Yetmediyse; Berardi ve Milazzo’nun çizdiği kahramanlar; Tiki, Marvin, Tom ve Gıuli Bai. İlaveten Gabin, Bogart, Mae West, Drakula, Şarlo, Pinokyo... Say say bitmez. Ama asıl selam Arjantinli usta çizer Alberto Breccia’ya verilmiş. Ve yine Arjantinli önemli yazar, şair, felsefeci Jorge Luis Borges’in ‘Yolları Çatallanan Bahçe’ isimli öyküsünden bir alıntı. Ve bizi finale Karl Popper’ın 1994 yılında yayınlanan ‘Televizyon! Kötü Bir Öğretmen’ makalesini hatırlatarak götürür.
85’den itibaren Ken Parker öykülerinde, sayfa sayıları azalmaya ya da periyodların arası uzamaya başlar. 97’de ‘Kahramanlar Diyarı’ yayınlandığında bu artık belirgin hale gelmiştir. Berardi ve Milazzo bu öyküyle hem özeleştiri yapıyor, hem günah çıkartıyor, hem de kendilerine ‘gaz veriyorlar’. Bir kriz içinde olduklarını bize sanatları ile anlatıyorlar. O yıla kadar 80 Ken öyküsü yayınlamış olan muhteşem ikili, daha sonra ancak 10 Ken öyküsü hazırlamıştır.

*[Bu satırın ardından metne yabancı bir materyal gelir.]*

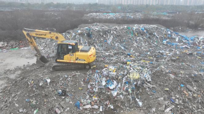 2024年2月29日,督察组暗查发现,上瑞环保科技有限公司大量建筑垃圾与生活垃圾混堆。图源:生态环境部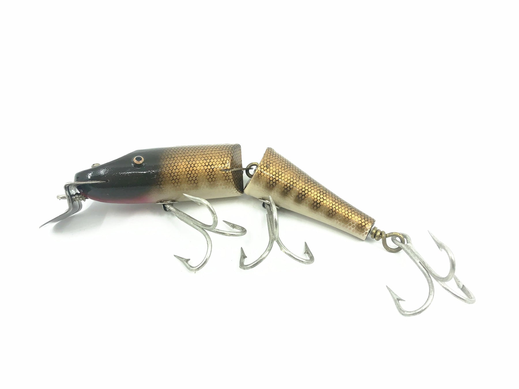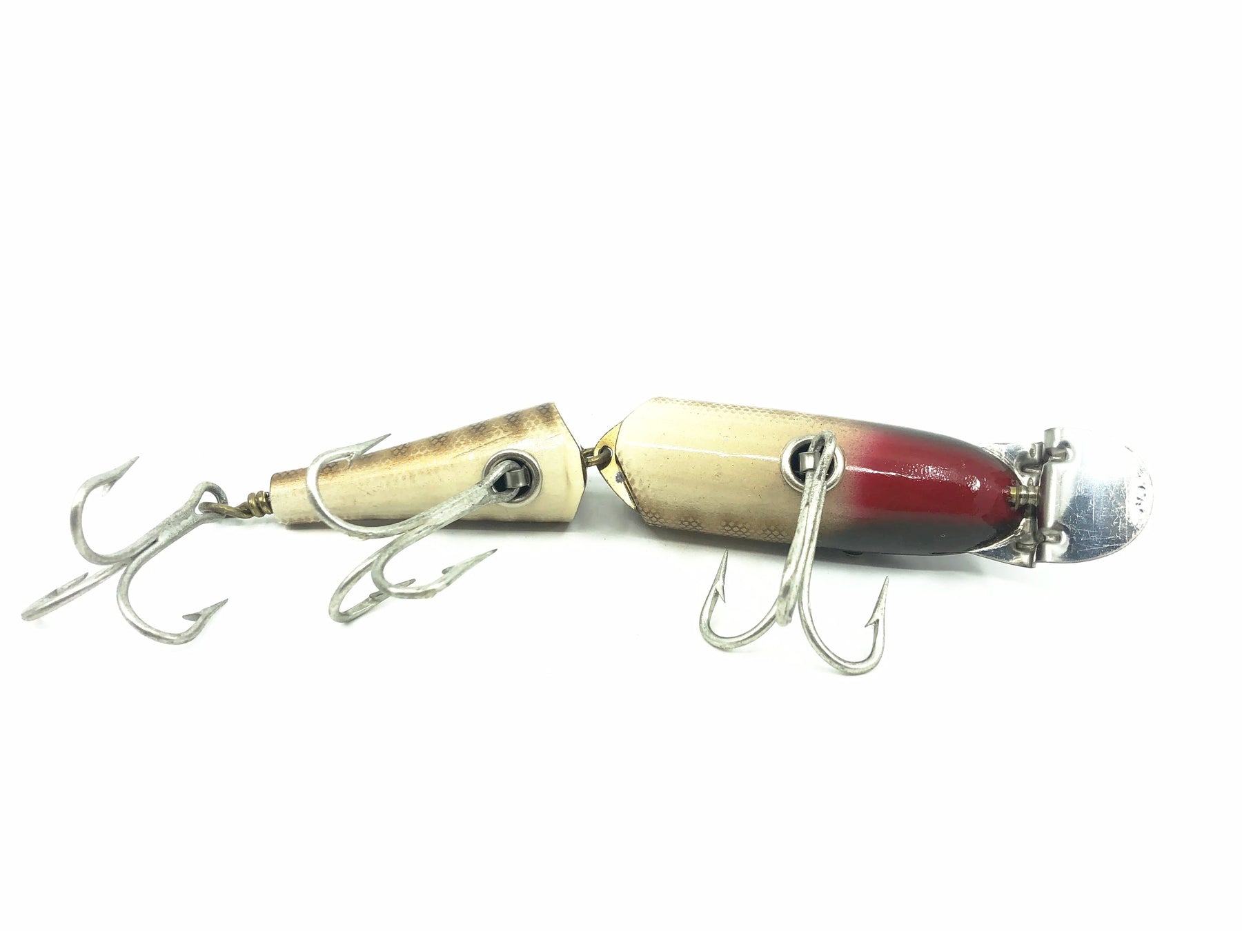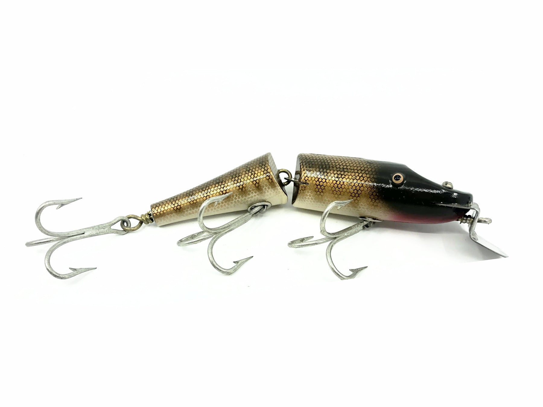 Creek Chub Jointed Husky Pikie 3000, Pikie Scale Color 3000W.  About 6" long body excluding lip. Great vintage lure here. Wooden lure and tack eyes. The lure is in great condition with some minor wear and marks.  Nice combo.  This one won't last long so grab it for your collection while you can.  See photos.

Günümüzde kitap yayıncılığı gittikçe zorlaşmakta. Tabii ki en önemlisi alım gücü. Kağıt ve matbaa maliyetleri, yabancı telifler, dağıtım zorlukları, bir de dijital çağı ekleyelim. Alışkanlıkların değişmesi, dijital okumalar! Yayıncılar yıllarca korsan kitaptan zarar görmüşken, günümüzde de amatör dijital çoğaltmalarla uğraşıyor. Kitap baskıları 1000 adedin altına düşmeye başladı. Aynı problem ÇR yayıncıları için de geçerli. İşte tam bu noktada Rodeo Yayıncılık ve ekibine sıkı bir selam durmamız lazım. İnatla, her şeye rağmen, özveriyle, gönülle bu seriyi sürdürmeye çalışıyorlar. Bize düşen ise onlara destek vermek.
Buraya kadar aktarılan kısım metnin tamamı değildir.